The Fall first formed in Prestwich, near Manchester, in 1976, taking its name from the title of a darkly philosophical novel by Albert Camus. The group bonded over a share interest in literature, bands like Can and the Velvet Underground and copious amounts of psychedelic drugs. (Smith even took acid before his high school O-level exams, according to an account by his friend Dave Haslam.)
Smith’s unique skill as a lyricist was evident from the band’s earliest days, his stream-of-consciousness style laced with sideways references, quirky humor, sharply honed imagery and trenchant observations on British society, culture and politics. “It was like a poetry group at first,” recalled Martin Bramah, The Fall’s first guitarist, to the critic Simon Reynolds in the anthology Totally Wired. “We used to share our innermost feelings in words and play our favorite albums. Mark bought a guitar but couldn’t play it. I was already singing in another band, so the first lineup of The Fall was me singing and Mark playing guitar. It quickly switched because Mark was writing these mad, well-observed lyrics. Our early stuff sounded American, but Mark picked up on how to make Manchester interesting.”
Manchester occupies a legendary place in music lore; a huge number of bands were spawned within the city’s grim industrial confines during that era. The scene surrounding Joy Division and Factory Records captured the public’s imagination, but it was The Fall who held the crown as the strangest and most singular band to have ever come out of Manchester. The group’s debut album, 1979’s Live at the Witch Trials, proved it to already be well on its way to developing a signature sound: a churning, propulsive rhythm section, an emphasis on extreme, almost trancelike repetition and pointed, cryptic lyrics that Smith scowled with a voice that sometimes sounded like he was gargling razorblades. With each successive album, The Fall honed its technique, with Smith reveling in all ideas that ran counter to social norms.

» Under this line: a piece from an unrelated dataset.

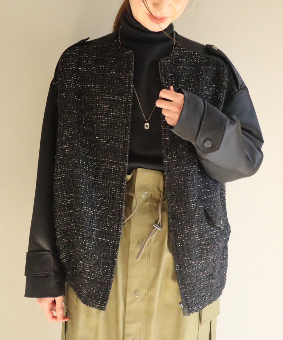 サテン生地をコンビ使いした、表情豊かなブルゾン。裾にタックを施すことで、自然な丸みを持たせた上品で女性らしいシルエットに仕上げています。控えめにきらめくラメと、色とりどりのブークレー糸が複雑に重なり合った素材感が特徴で、動くたびに奥行きのある表情を演出。シンプルなスタイリングに合わせるだけで、コーディネート全体を華やかに格上げします。
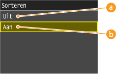 Als u meerdere kopieën wilt gaan maken van documenten met meerdere pagina's, kunt u <Sorteren> op <Aan> zetten om de kopieën op volgorde te sorteren. Deze functie is handig bij het voorbereiden van hand-outs voor vergaderingen of presentaties.

“The Fall’s work — particularly in their period between 1980-1982 — is steeped in references to the grotesque and the weird,” wrote the late critic Mark Fisher in his book The Weird and the Eerie. The group’s methodology at this time is vividly captured in the cover image for the 1980 single, “City Hobgoblins,” in which we see an urban scene invaded by “’emigres from old green glades’: a leering, malevolent cobold looms over a dilapidated tenement …. A group like The Fall — working class and experimental, popular and modernist — could not and should not exist, and The Fall are remarkable for the way in which they draw out a cultural politics of the weird and the grotesque.”